四十四 本郷界隈 (太刀川龍一)
太刀川は竜岡門の前を通りすぎた。
竜岡門と言うのは、赤門や安田講堂前にある正門と違い、さほど有名ではない東京大学の入り口の一つである。ここは学生というより東大病院の出入りが主となっている。
周辺には、竜岡門の名をあやかった建物は多く、竜岡門ビルディングもその一つだった。
太刀川は茶色いレンガに左の片面だけ蔦が密集した地上四階建てのマンションを見上げた。いつも上り下りをした蔦まみれで剥き出しの非常階段が懐かしい。この四階がパラダイム社の創業の地だ。オフィスは残っていない。パラダイム社が、六本木に移ってから閉鎖させていた。
実はこの創業のオフィスの賃料はずいぶん長い先まで払われ済みであることを知る人間は少ない。そもそも、あれだけ騒いだ記者たちも、ここが創業の場所であることなどを知ってる人間はほとんどいなかった。
ビジネスは人間同士の殺し合いで、利潤の奪い合いなのだということをまざまざと覚え始めたのはこの小さな一室だった。

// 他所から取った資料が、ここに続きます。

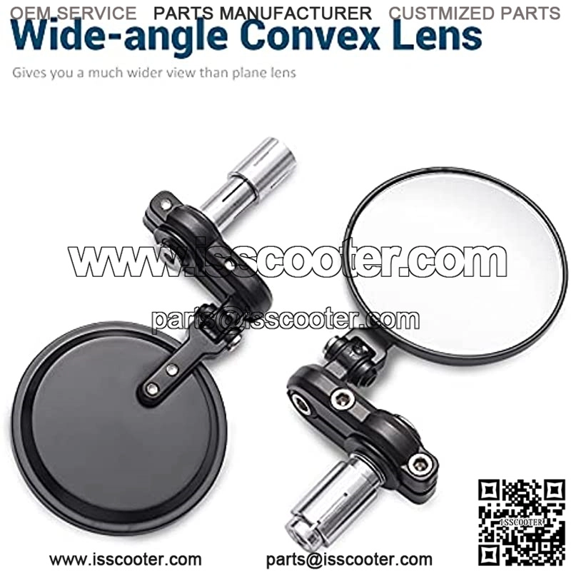 Universal Motorcycle Bar End Mirrors – 3 Inch Round Folding Bar Convex End Side Mirror Compatible with Honda, Scooter, Suzuki, Yamaha, Kawasaki, Victory and More

売り上げが上がり、社員が増えて手狭になり一度、二階が空いたので追加でそこを借り、六本木に移転させるまでの三年ほどしかいなかったが、ある意味で誰よりも、一番辛かったあの時期をこの部屋は知っている。
この部屋の鍵をまだ自分が持っているということを知っている人間はもうだれもいないだろう。太刀川は竜岡門ビルディングを眺めながら、一昨日、霞ヶ関の地下ホームでぼうっとした時間を思い出した。かつて、猛毒のサリンをばらまいた人間たちには、東大の数学科にいたような人間が少なからず含まれていた。あの頃、きっとそれは何かに飲み込まれた人間たちだと考えていた。人間の社会はこころの飲み込み合いだと感じる。組織がそれぞれ様々なやり口で大勢の人を飲み込んでいく。装置のように、重力のように、組織は人間を飲み込んで大きくなっていく。人間を飲み込めない企業だけがつぶれていく。宗教も政党も全部同じ。そうやって利権と利潤をうばいあう。

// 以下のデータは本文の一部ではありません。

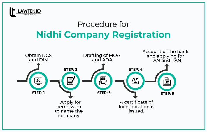 The partners of a Nidhi company need to apply for the Director’s Identification Number (DIN) and Digital Signature Certificate (DSC). DIN is issued by the MCA and DSC is an online signature used in all e-filing processes. This step is not needed if a director already owns DIN and DSC.

太刀川がそれらを学び始めた場所が、この竜岡門ビルディングだった。理想や夢と全く逆の現実と向き合った場所、とも言える。誰にも言えない事を整理しながら社長業を学んだ、あの孤独な時間はここにあった。
太刀川は何か言葉を念じたような表情をすると、鞄の中にある部屋の鍵を手で確かめていた。